--- Data to use ---
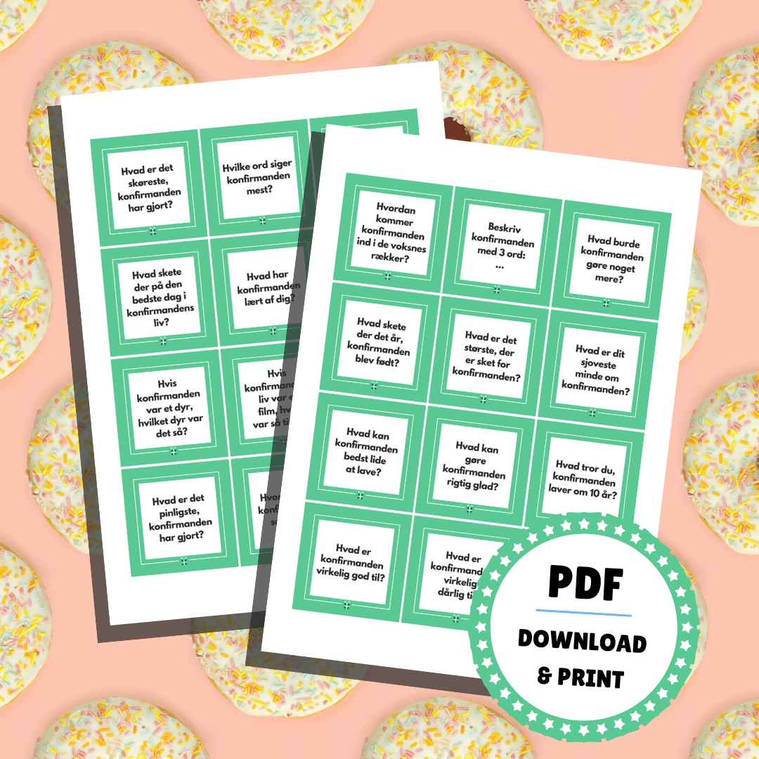 På skift trækker gæsterne et spørgsmål og giver sit bud på svaret. Det er konfirmanden selv, der afgør, om svaret er korrekt. Hvis du er heldig, er der en præmie for et rigtigt svar, og du kan f.eks. medbringe små chokolader eller andre gevinster.
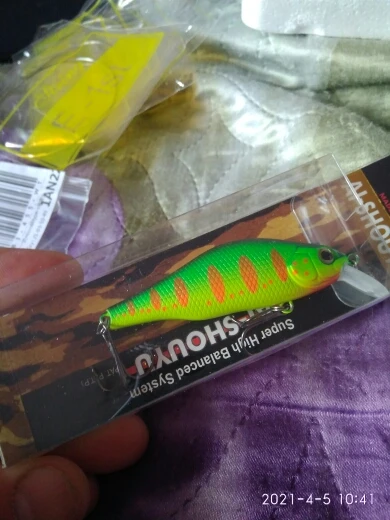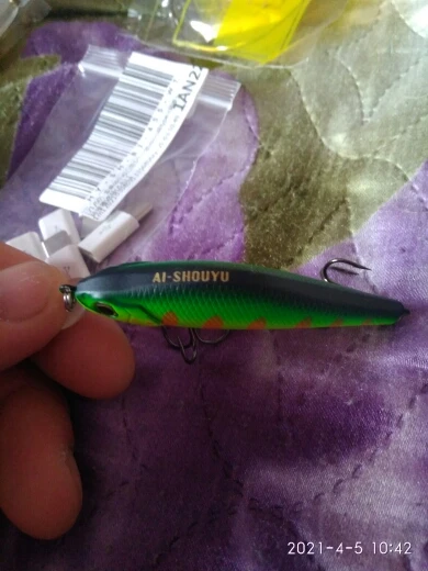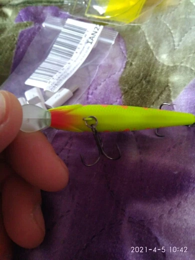 Интересная копия хамсина. Доставка почти 1,5 месяца. Посылка 3 раза заходила на границу и еле еле прошла... в посылке было несколько других посылок. Из за долго доставки снизил на 1 звезду. Воблер выложил у себя в блоге Жизнь одного рыбака, кому интересно заходите.
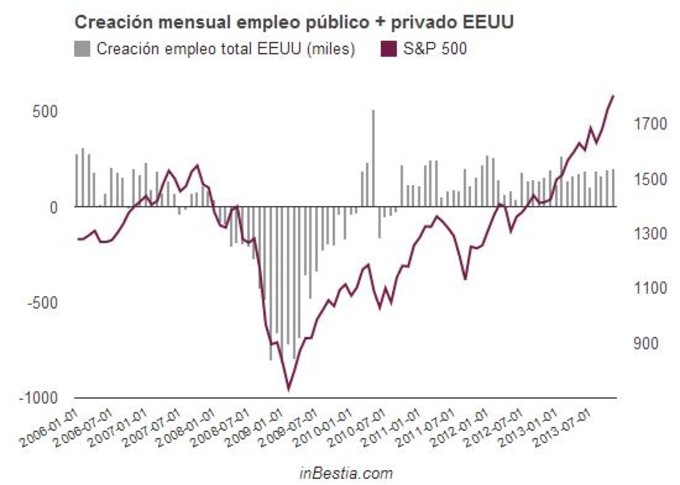 EEUU +203.000 empleos creados Noviembre Según datos oficiales publicados hoy, EEUU creó en noviembre 203.000 puestos de trabajo. En línea con lo esperado. 6 de diciembre, 2013
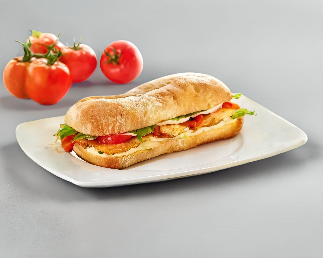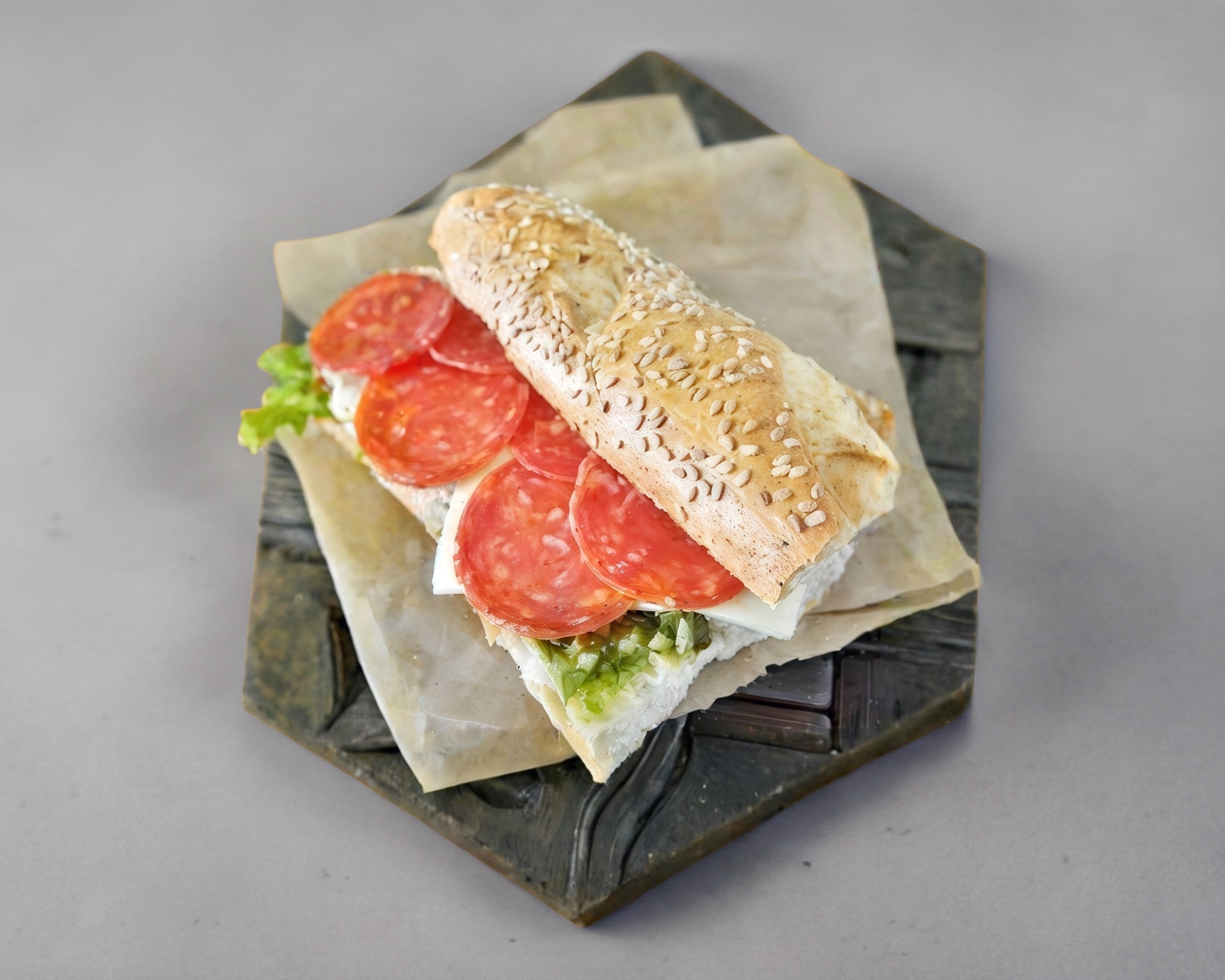Pan de masa madre elaborado a mano, incluye pimiento fresco, lechuga, jitomate y queso, acompañado con papitas y chiles en vinagre.
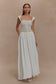 The TAHLIA Pointelle Knit Midi Dress is a delicate fusion of texture and romance. Designed with a flattering square neckline, this midi dress features elasticated cap sleeves and frill detailing along the neckline and waist seam for a soft, feminine touch. The knit bodice hugs the figure, while the low-waist A-line silhouette flows into a woven gathered skirt, creating graceful movement. A front hook-and-eye closure adds vintage charm, while the partially lined design ensures breathability and comfort. Perfect for sunlit days, special occasions, or effortless everyday elegance.
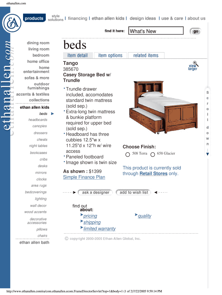 Ethanallen.com What's New Tango 385670 Casey Storage Bed w/ Trundle drawer included, accommodates standard twin mattress (sold SEP.) Extra long twin mattress & junkie platform required for upper bed
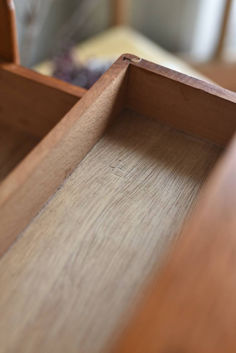 木の温もりを感じさせてくれる明るめのブラウンカラーが優しげで、ナチュラルテイストな空間に映える佇まい。しなやかな曲線を描く猫脚が美しく優美な姿となっており、軽やかな印象ももたらしてくれるデザインです。左右に大きく階段上に開き、細かなものの出し入れもしやすい構造に。
---
Problem to solve. Lines wanted from the entries above: the one with "EEUU +203.000 empleos", the one with "Pan de masa", and all lines between. Please copy them exactly, without the pictures and without anything else.

Output of the task.
 EEUU +203.000 empleos creados Noviembre Según datos oficiales publicados hoy, EEUU creó en noviembre 203.000 puestos de trabajo. En línea con lo esperado. 6 de diciembre, 2013
Pan de masa madre elaborado a mano, incluye pimiento fresco, lechuga, jitomate y queso, acompañado con papitas y chiles en vinagre.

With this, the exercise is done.